In order to connect with Albertans in a new capacity, the Alberta RCMP has launched the @Albertarcmpgrc Instagram account!

Through branching out on another platform, the Alberta RCMP wants to reach more Albertans, connecting with the people we serve so in turn, they can connect with us. The Alberta RCMP is committed to providing all of the communities where we live and work with policing services that they expect and deserve.

We are proud to serve all of the communities in our jurisdictions, both rural and urban, and we are proud of the many employees who make our organization what it is today. Alberta RCMP employees are a part of the communities they serve and they are proud of the many community activities, initiatives and groups they are a part of. Instagram will give us an opportunity to showcase the great relationships we are privileged to be a part of, both on and off duty.  Alberta is where we live, work, and raise our families, and we are excited to highlight many of the great things we are a part of and see here in the province.

“There’s so much happening day-to-day in the communities across Alberta that has such a positive impact on not only the citizens we serve, but our employees in all areas of our police service.“ said Deputy Commissioner Zablocki, Commanding Officer of the Alberta RCMP, “I’m happy to be able to share with Albertans what our employees are involved with, the passion they have to serve communities, and to learn about how all levels of the Alberta RCMP are working together with citizens to make their communities resilient, safe and secure.”

Followers can expect to see a continuation of campaigns such as #WhereWeWork, #CommunityMembers, and various stories about the locations that our employees call home. We will not post public safety messaging on Instagram due to the platform’s inability to easily share content.

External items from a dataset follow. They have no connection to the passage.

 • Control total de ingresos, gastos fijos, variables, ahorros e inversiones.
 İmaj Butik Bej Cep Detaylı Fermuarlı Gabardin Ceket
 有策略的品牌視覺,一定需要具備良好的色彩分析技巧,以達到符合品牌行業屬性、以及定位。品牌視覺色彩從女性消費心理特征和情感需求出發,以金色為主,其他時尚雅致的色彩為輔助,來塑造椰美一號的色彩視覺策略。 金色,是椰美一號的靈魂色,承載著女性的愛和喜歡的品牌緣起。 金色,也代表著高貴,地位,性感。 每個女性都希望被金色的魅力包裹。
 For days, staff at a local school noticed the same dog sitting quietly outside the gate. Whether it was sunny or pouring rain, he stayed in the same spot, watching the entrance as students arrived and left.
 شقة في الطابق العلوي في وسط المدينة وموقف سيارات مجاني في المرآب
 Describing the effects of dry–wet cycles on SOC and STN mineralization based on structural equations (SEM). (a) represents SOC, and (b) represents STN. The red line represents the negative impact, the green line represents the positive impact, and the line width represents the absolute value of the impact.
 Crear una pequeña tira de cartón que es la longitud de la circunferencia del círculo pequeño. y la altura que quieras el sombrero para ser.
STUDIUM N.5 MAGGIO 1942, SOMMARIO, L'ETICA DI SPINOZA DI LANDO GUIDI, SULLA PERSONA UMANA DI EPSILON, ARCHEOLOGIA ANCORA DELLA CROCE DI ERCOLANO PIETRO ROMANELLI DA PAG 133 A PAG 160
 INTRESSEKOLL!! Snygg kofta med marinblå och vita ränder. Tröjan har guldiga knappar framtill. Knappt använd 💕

Our first post is live and features a video showcasing our long history in Alberta, the beautiful sprawling landscape where we are proud to work, and our partnerships throughout the province.

The Alberta RCMP looks forward to connecting with all Albertans and hearing their thoughts and suggestions for Alberta’s policing needs.

Connect with the Alberta RCMP directly on Facebook @RCMPAlberta, Twitter @RCMPAlberta and now, on Instagram @RCMPAlbertaGRC.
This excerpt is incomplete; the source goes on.